Dilla mengatakan, dalam menjalankan peran sebagai pelopor dan pelapor, anak dapat berpartisipasi pada tahap konsultatif, kolaboratif, maupun memimpin upaya maupun kegiatan pencegahan perkawinan anak.
Baca juga: Menteri PPPA : Perkawinan Anak Ancam Masa Depan Anak
“Sebagai pelopor, anak dapat mengembangkan karakter dan kebiasaan baik pada diri yang bermanfaat bagi lingkungannya dalam pencegahan perkawinan anak. Tingkatkan pengetahuan untuk berpikir kritis, termasuk pengetahuan mengenai dampak perkawinan anak yang berbahaya, kemudian sampaikan kepada lingkungan sekitar,” ujar Dilla.
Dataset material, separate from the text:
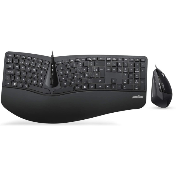 Ratón Vertical: Ratón con cable, diseño Vertical Ergonómico con 5 botones y Resolución ajustable de 1000 / 1600 DPI; Largo del cable del Teclado y del Ratón 1,8m.

“Itu merupakan salah satu bentuk menjadi pelopor. Anak juga bisa melakukan pendekatan interpersonal kepada teman sebaya dan menularkan kebiasaan baik terkait pencegahan perkawinan anak serta melakukan kegiatan yang berkontribusi positif dalam pencegahan perkawinan anak,” tambahnya.
Untuk memperkuat posisi Forum Anak sebagai pelapor, Dilla menyatakan mereka dapat melaporkan dugaan atau melihat indikasi terjadinya kasus perkawinan anak di lingkungannya.
Anak dapat melakukan pelaporan kepada guru di sekolah, Unit Pelaksana Teknis Daerah Perlindungan Perempuan dan Anak (UPTD PPA), maupun Sahabat Perempuan dan Anak (SAPA) melalui call center 129 atau Whatsapp 08111-129-129.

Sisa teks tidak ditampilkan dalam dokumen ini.